§ Data provided:
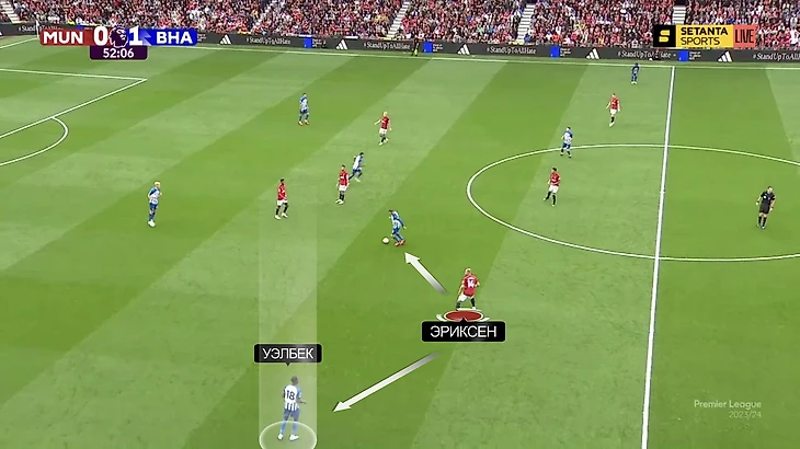 Эриксен на старте тоже справлялся: накрывал и Велтмана, и Гросса. «Брайтон» был в шоке первые 15 минут, но перестроился – из-за выбора Бруну (чаще накрывал статичного Дауда) и гениальности Паскаля Гросса. Немец стал уходить подальше от Велтмана – Эриксен выбирал идти за опасным соперником и бросал флангового защитника.
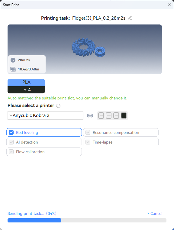 This was when I realized that the orientation of the filament when I loaded it into the ACE (Anycubic Color Engine) was off by 180-degrees around the z-axis. The link is to CODE: 11519 Filament tangle detected, please organize the filament and resume printing | Anycubic Wiki. I re-adjusted the roll and was able to resume printing. The dialog below marked the completion of the final print (after the Y-axis belt was tightened):
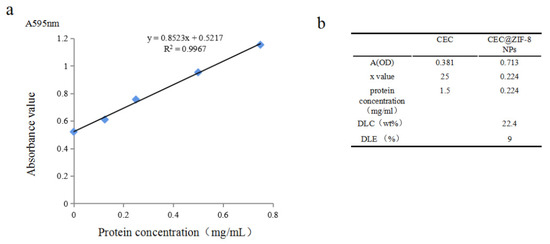 Loading capacity and efficiency of ZIF-8 NPs for CEC. (a) Standard curve for the Bradford protein assay. (b) DLC and DLE of CEC@ZIF-8 NPs.
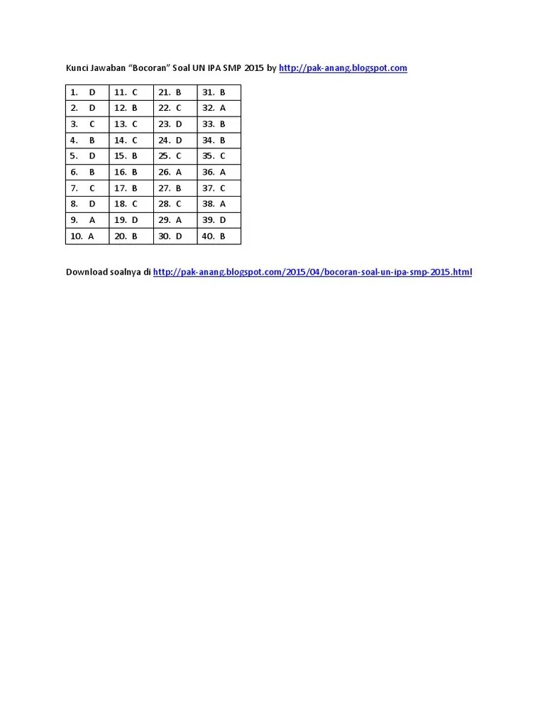 Soal Ipa Smp Dan Kunci Jawaban - Prediksi Soal Osn Ipa Smp 2020 2021 : Prediksi soal un smp 2021 beserta kunci jawabannya lengkap dengan kisi kisi soal ujian nasional smp/mts terbaru dengan pembahasannya.

§ What you will do:
No pictures go in the copy. Set down all the data exactly.

§ Result for this task:
 Эриксен на старте тоже справлялся: накрывал и Велтмана, и Гросса. «Брайтон» был в шоке первые 15 минут, но перестроился – из-за выбора Бруну (чаще накрывал статичного Дауда) и гениальности Паскаля Гросса. Немец стал уходить подальше от Велтмана – Эриксен выбирал идти за опасным соперником и бросал флангового защитника.
 This was when I realized that the orientation of the filament when I loaded it into the ACE (Anycubic Color Engine) was off by 180-degrees around the z-axis. The link is to CODE: 11519 Filament tangle detected, please organize the filament and resume printing | Anycubic Wiki. I re-adjusted the roll and was able to resume printing. The dialog below marked the completion of the final print (after the Y-axis belt was tightened):
 Loading capacity and efficiency of ZIF-8 NPs for CEC. (a) Standard curve for the Bradford protein assay. (b) DLC and DLE of CEC@ZIF-8 NPs.
 Soal Ipa Smp Dan Kunci Jawaban - Prediksi Soal Osn Ipa Smp 2020 2021 : Prediksi soal un smp 2021 beserta kunci jawabannya lengkap dengan kisi kisi soal ujian nasional smp/mts terbaru dengan pembahasannya.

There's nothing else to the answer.